In the USA all of the States with the exception of Oregon forbid any form of mercy killing. On October 27, 1997, Oregon legalised PAS in the face of opposition from the American Medical Association as well as church leaders. The Death and Dignity Act allows for patients who have a significantly and irreversibly diminished quality of life to obtain drugs from their doctor that can help them commit suicide.
Official figures suggest that fifteen people died by lethal overdose in 1998 in Oregon . But the report points to flaws in the legislation that could lead to under-reporting. For example physicians have the option of not reporting a case if it involved the violation of a guideline.
Debate in the USA was rekindled when in April 1999, a court in Michigan sentenced Dr Jack Kevorkian to a minimum of 10 years in gaol for the second degree murder of 52-year-old Thomas Youk, a man who had amyotrophic lateral sclerosis. Kevorkian, who has campaigned for the legalisation of both euthanasia and PAS, claims to have assisted in 130 suicides.
There is a genuine contradiction between good medicine and killing people.
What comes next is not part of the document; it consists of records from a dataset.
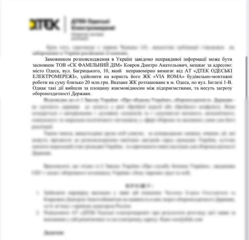 В СБУ заявили о проверке одесского застройщика Дмитрия Коврова из-за «антиукраинской пропаганды и сотрудничества с российскими z-каналами». С соответствующим запросом обратилась ДТЭК «Одесские электросети», а поводом стало якобы участие принадлежащего Коврову одесского застройщика «Фамильный дом» в распространении «российских нарративов о срыве отопительного сезона в Одессе». Мол, такую же «антиукраинскую пропаганду» распространяли и «так называемые z-каналы на оккупированных Россией территориях». Собственно, больше никакой аргументации в отношении Коврова нет: обвинение в антиукраинской пропаганде совместно с «российскими нарративами» вполне себе годное для того, чтобы упомянутому застройщику создать максимум проблем, включая его арест.
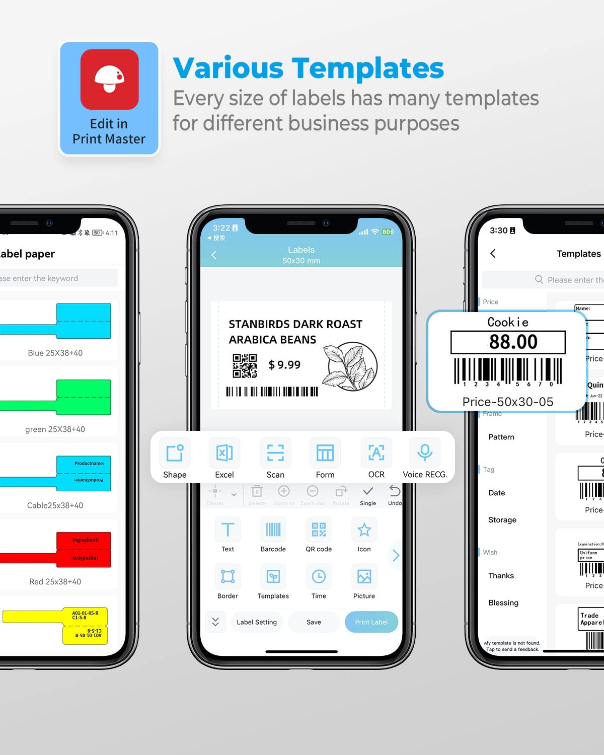 - [Simple but Powerful App]Connect via Bluetooth, edit and set print on your phone. Use Print Master app, it provides all free ready-to-use label templates for all purposes above to boost your efficiency. You can also set up and save your own templates. 30+ fonts, 500+ emojis, 40+ borders are provided for custom label designs.
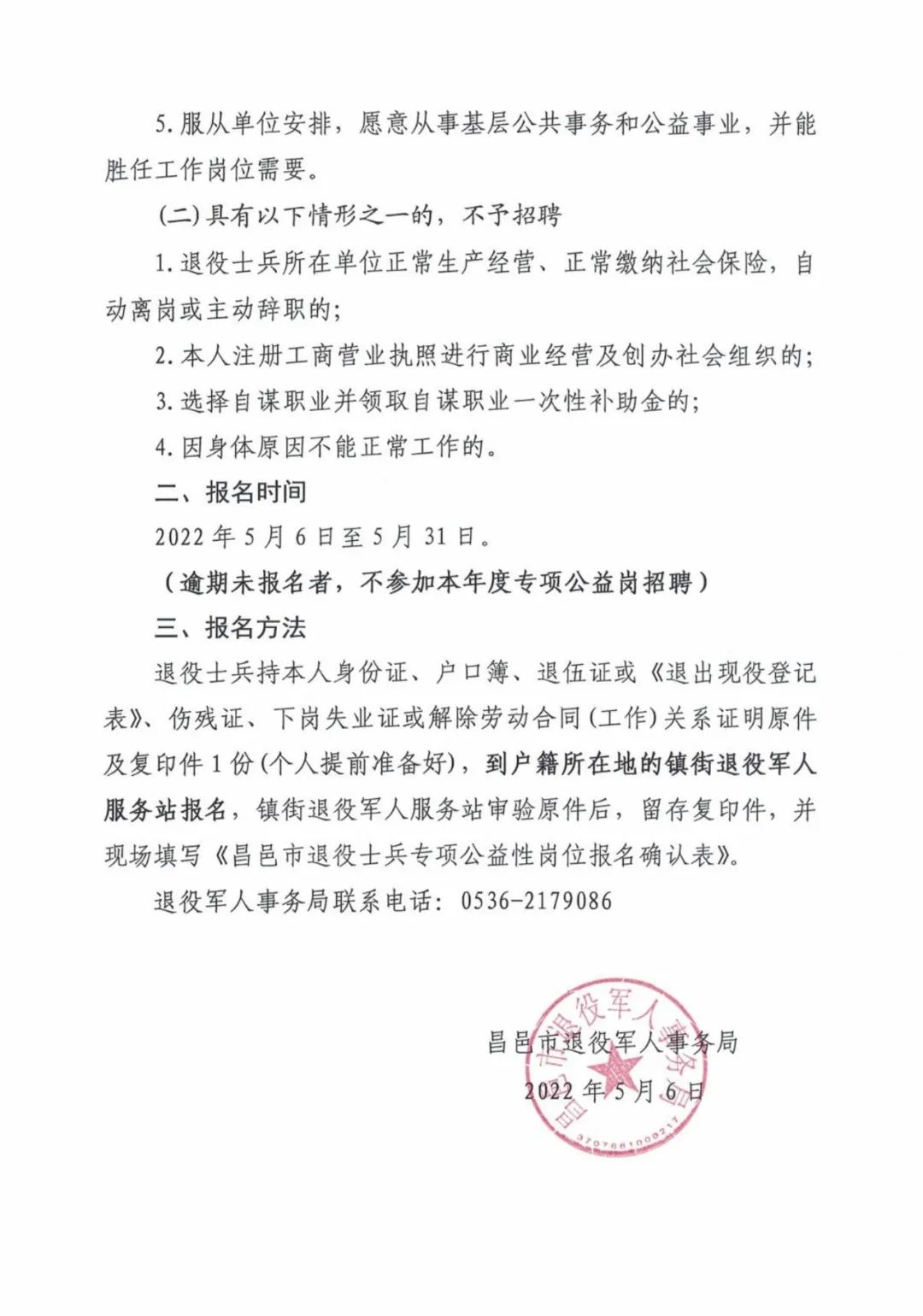 2022年昌邑市退役士兵专项公益性岗位报名通知

The provision of hospices and palliative care have clearly shown that there is a positive alternative to PAS which involves killing pain rather than killing patients. However, that provision comes at a cost. The House of Lords Ethics Committee concluded that: 'Rejection of euthanasia as an option for the individual entails a compelling social responsibility to care adequately for those who are elderly, dying or disabled.'
Of course everybody wants to have a good death for themselves, their loved ones and their patients, but a good death is not the same as simply having a convenient one.